In other words once you run out of entries in the rankfile it looks like
the processes then start from the beginning of the hostlist again.

> Also, in my limited testing --host and -hostfile seem to be mutually
> exclusive. That is reasonable, but it isn't clear that it is intended.
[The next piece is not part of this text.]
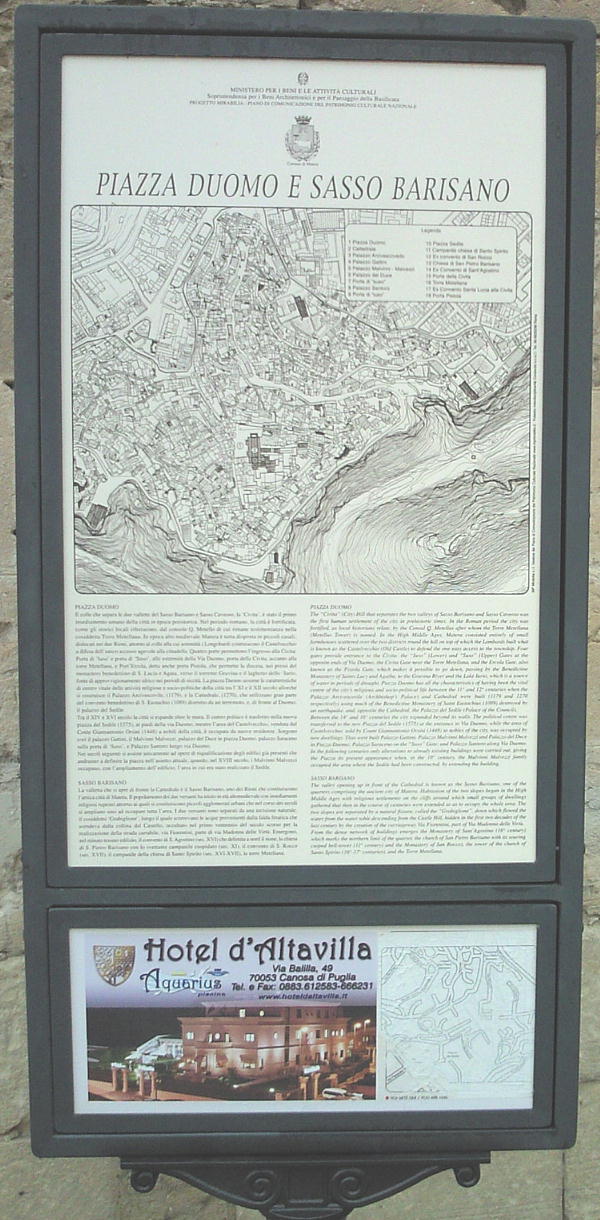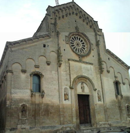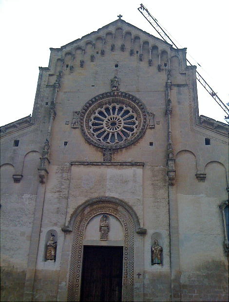 サッシ地区を見渡す高台にあるドゥオモは、1268年から1270年ににかけて建設された、プーリア=ロマネスク様式の教会である。基本

> Example, with a hostfile containing one entry for "monkey02.cluster
> slots=1":
> mpirun --host monkey01 --mca plm_rsh_agent rsh hostname
> monkey01.cluster
> mpirun --host monkey02 --mca plm_rsh_agent rsh hostname
> monkey02.cluster
> mpirun -hostfile /usr/common/etc/openmpi.machines.test1 \
> --mca plm_rsh_agent rsh hostname
> monkey02.cluster
> mpirun --host monkey01 \
> -hostfile /usr/commom/etc/openmpi.machines.test1 \
> --mca plm_rsh_agent rsh hostname
> --------------------------------------------------------------------------
> There are no allocated resources for the application
> hostname
> that match the requested mapping:
> Verify that you have mapped the allocated resources properly using the
> --host or --hostfile specification.
> --------------------------------------------------------------------------
> Thanks,
> David Mathog
> mathog_at_[hidden]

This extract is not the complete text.